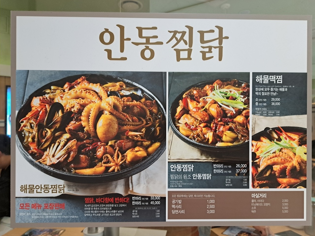 本來要點最便宜的中間「安東燒雞鍋」,但隔壁桌剛好又是台灣人,說那種很辣,建議我點後面那桌那種,於是我們拿菜單去問後面那桌韓國人是點哪種?原來是最左邊,也是店內招牌的「安東燒雞海鮮鍋」₩33000;最右邊則是「海鮮年糕鍋」₩29000。這價格都是2人份,下面一排的價格則是3人份,份量也比較多。
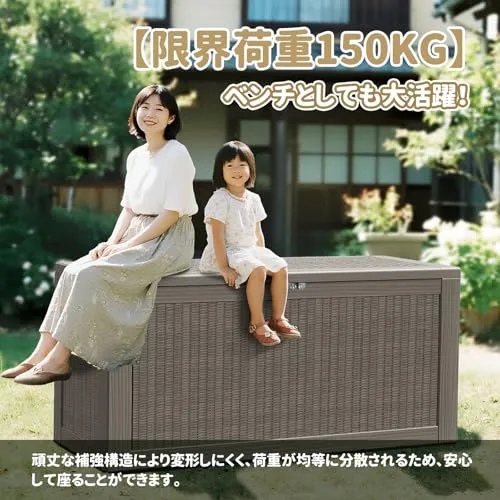 「多機能・便利なコンテナ」 安心の耐荷重ある。最大耐荷重は150kgで、大人2人で座っても全く問題ありません!サイドハンドル付きで持ちやすいです。そして、踏み台にしたり、座ってベンチ、テーブル、屋外宅配ボックスのように使用したりと、収納ストッカーでありながらいろいろな機能で便利なアイテムです。また、蓋に南京錠取付可能な構造がついており、防犯対策もバッチリ。(錠が別売り;170Lモデルはエアータンパーに搭載されてなく)
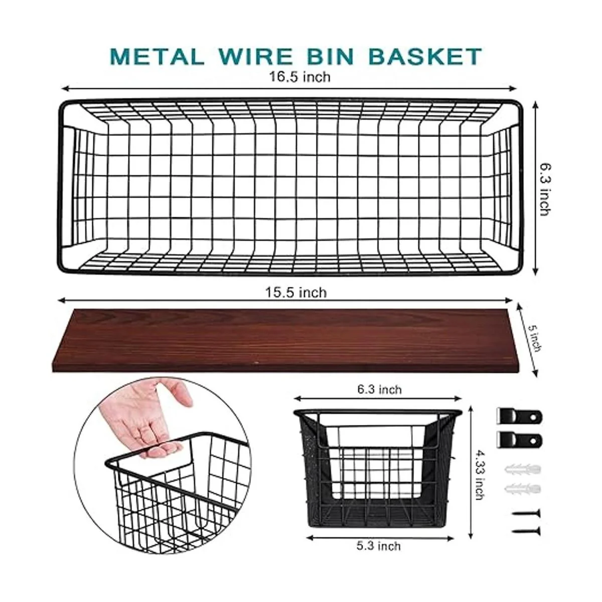 El artículo incluye: 2 cestas de alambre con madera y accesorios de montaje 4 ganchos de acero 4 tubos de expansión 4 tornillos. Cada cesta mide 16.5 x 6.3 x 4.3 pulgadas de alto. Si tienes alguna insatisfacción con nuestros productos, ponte en contacto con nosotros y te ofreceremos una solución satisfactoria en 24 horas
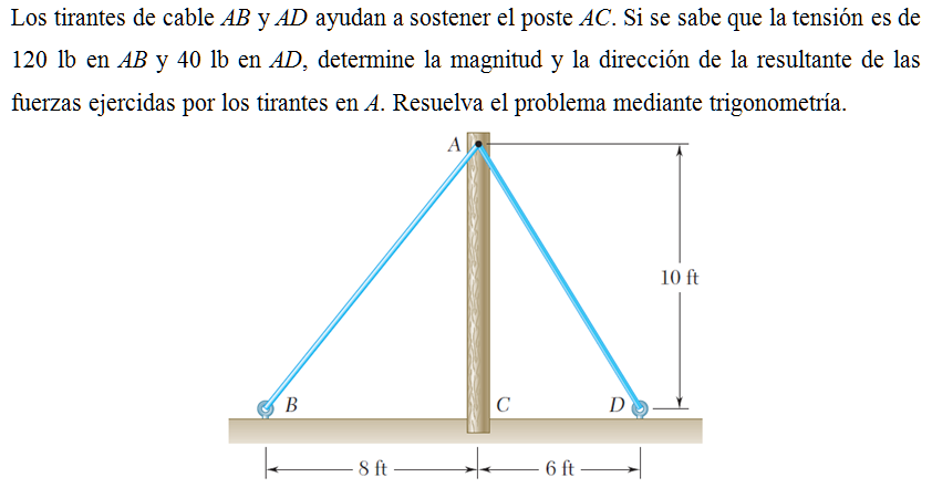 Los tirantes de cable AB y AD ayudan a sostener el poste AC. Si se sabe que la tensión es de 120 lb en AB y 40 lb en AD, determine la magnitud y la dirección de la resultante de las fuerzas ejercidas por los tirantes en A. Resuelva el problema mediante trigonometría.
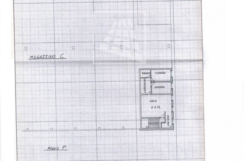 - al piano primo appartamento di mq 130 con ingresso indipendente e scala ad uso esclusivo, soggiorno, angolo cucina, disimpegno, due camere e un bagno.

━━━━━━━━━━

WORK TO COMPLETE → Give the listing again word for word, without its images.

RESULT OF THE TASK →
 本來要點最便宜的中間「安東燒雞鍋」,但隔壁桌剛好又是台灣人,說那種很辣,建議我點後面那桌那種,於是我們拿菜單去問後面那桌韓國人是點哪種?原來是最左邊,也是店內招牌的「安東燒雞海鮮鍋」₩33000;最右邊則是「海鮮年糕鍋」₩29000。這價格都是2人份,下面一排的價格則是3人份,份量也比較多。
 「多機能・便利なコンテナ」 安心の耐荷重ある。最大耐荷重は150kgで、大人2人で座っても全く問題ありません!サイドハンドル付きで持ちやすいです。そして、踏み台にしたり、座ってベンチ、テーブル、屋外宅配ボックスのように使用したりと、収納ストッカーでありながらいろいろな機能で便利なアイテムです。また、蓋に南京錠取付可能な構造がついており、防犯対策もバッチリ。(錠が別売り;170Lモデルはエアータンパーに搭載されてなく)
 El artículo incluye: 2 cestas de alambre con madera y accesorios de montaje 4 ganchos de acero 4 tubos de expansión 4 tornillos. Cada cesta mide 16.5 x 6.3 x 4.3 pulgadas de alto. Si tienes alguna insatisfacción con nuestros productos, ponte en contacto con nosotros y te ofreceremos una solución satisfactoria en 24 horas
 Los tirantes de cable AB y AD ayudan a sostener el poste AC. Si se sabe que la tensión es de 120 lb en AB y 40 lb en AD, determine la magnitud y la dirección de la resultante de las fuerzas ejercidas por los tirantes en A. Resuelva el problema mediante trigonometría.
 - al piano primo appartamento di mq 130 con ingresso indipendente e scala ad uso esclusivo, soggiorno, angolo cucina, disimpegno, due camere e un bagno.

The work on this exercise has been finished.